Сергей Полотовский - Пелевин и поколение пустоты
При любых делениях на белых и красных, прогрессистов и консерваторов Чапаев долго оставался и, пожалуй, остается общим достоянием. Чапаев – он и в песне «Гулял по Уралу Чапаев-герой», исполняемой Краснознаменным ансамблем песни и пляски Советской Армии, он и в компьютерной игре «Петька и Василий Иванович спасают галактику». Ведущий кинокритик позднесоветского и раннепостсоветского времени Сергей Добротворский в 1986-м создал группу параллельного кино «Че-паев». Не «Фас-биндер», не «Кура-сава», а именно «Че-паев».
К концу советской власти было ясно, что открываются возможности для работы с отжившими кодами, которые при этом какое-то время еще будут в ходу. В начале – середине 1990-х старый миф о Чапаеве взывал к перекодировке. И попал в руки к молодому Пелевину.
Из жизни российских мистиков
В начале девяностых Пелевин редактировал пятитомник Кастанеды в переводе Василия Максимова (см. «Что может лампочка» и «Деньги»). Книга готовилась к публикации в издательстве «Миф». По результатам работы над комментариями возникла идея составить антологию русской и советской андеграундной эзотерической литературы. Как вспоминает Сергей Москалев, для этого Пелевин решил объехать всех людей, которые что-то значили в этом движении.
Он поехал в Киев к Владимиру Данченко, автору «№ 20. Блеск и нищета магов, или Инструкция по технике безопасности при работе с Витей А.». В Петербург, где познакомился с Сергеем Рокамболем – автором концептуальной акции «Ситуация с флейтами». И под Выборг – к самому автору перевода Василию Максимову, трудившемуся там лесником (см. «Уринотерапия»).

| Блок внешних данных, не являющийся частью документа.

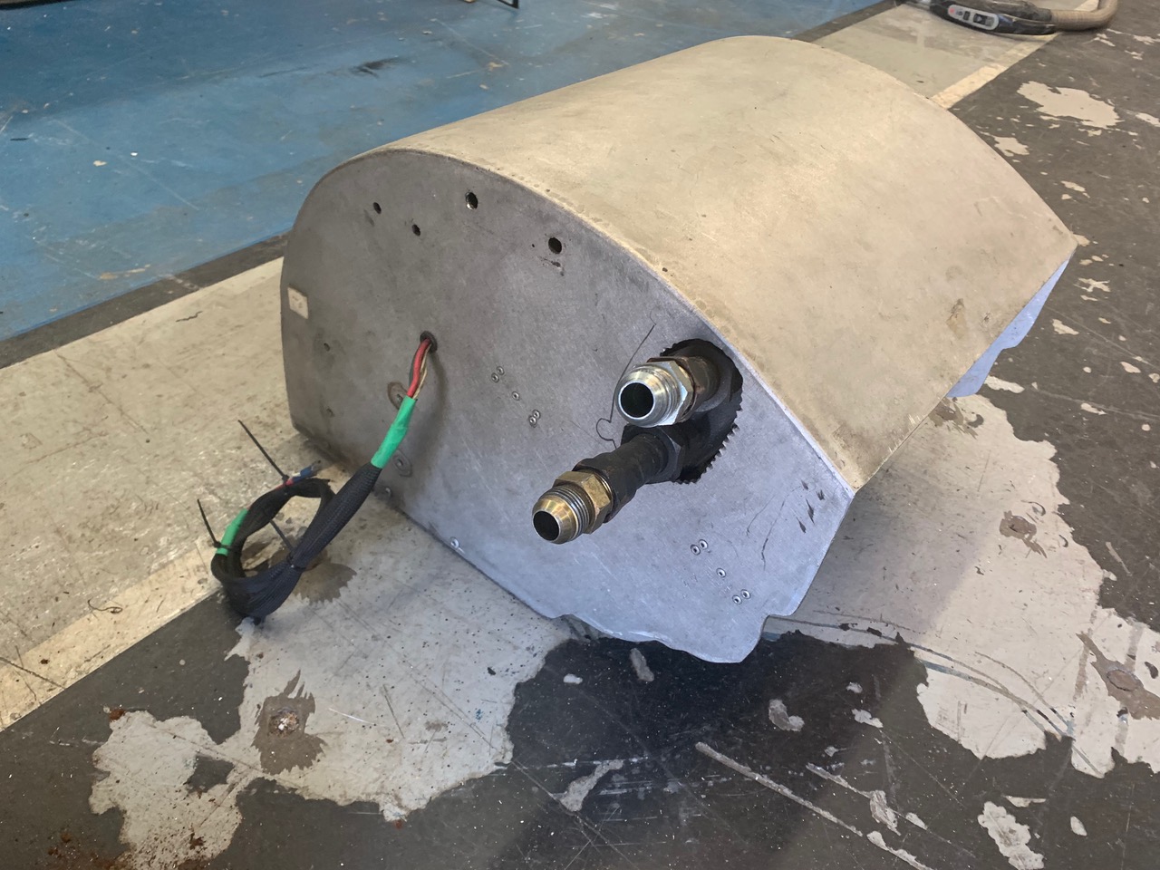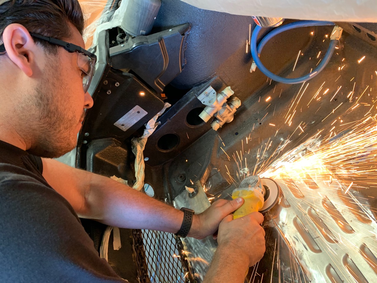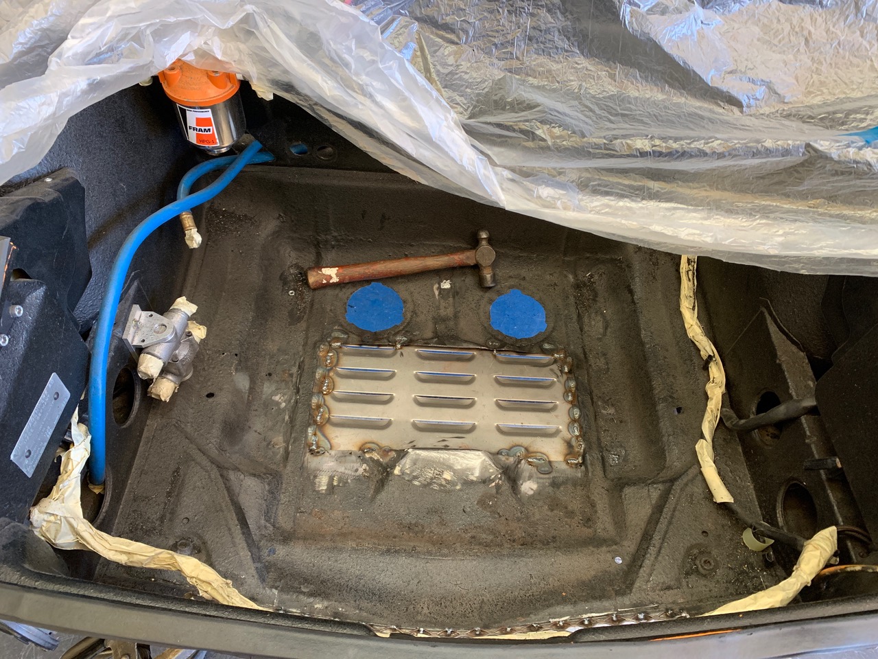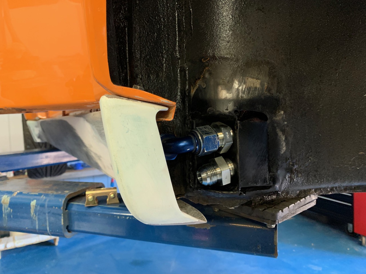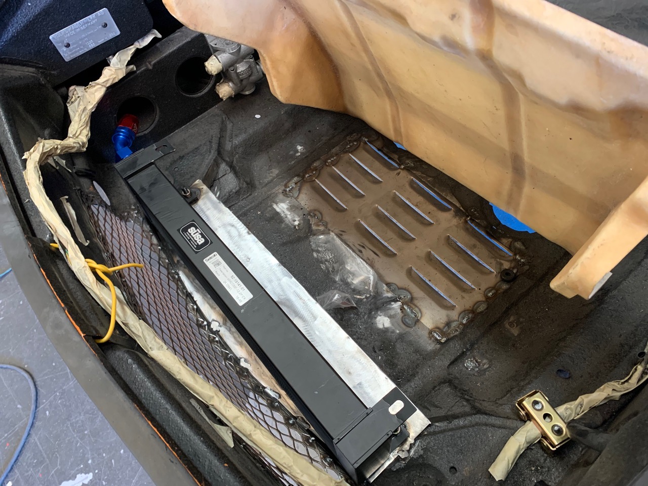 Oil-cooler well on its way to completion. The beginning of this week was all about finishing up fabrication, starting off with the new additions to the front trunk and passenger-side bulkhead mount for the AN12 oil-lines.

Вернувшись, Пелевин, однако, так и не написал антологию эзотерической литературы. Набранный материал стал романом «Чапаев и Пустота».
«Чапаев – это Василий Павлович Максимов, Котовский – Сергей Рокамболь, Анка – жена Рокамболя Аня Николаева, Володин – интеллигент с лицом басмача – это я, – считает Москалев. – А Петр Пустота – это он сам, Витя, который с этими людьми общается… Разговоры там как в бане. Всякие объяснения мироздания при помощи луковицы… А так ведь все и было, дядя Вася так и объяснял, как Василий Иваныч Петьке на картошке. Для нас была важна идея, что всю эзотерику можно “показать на картошке”».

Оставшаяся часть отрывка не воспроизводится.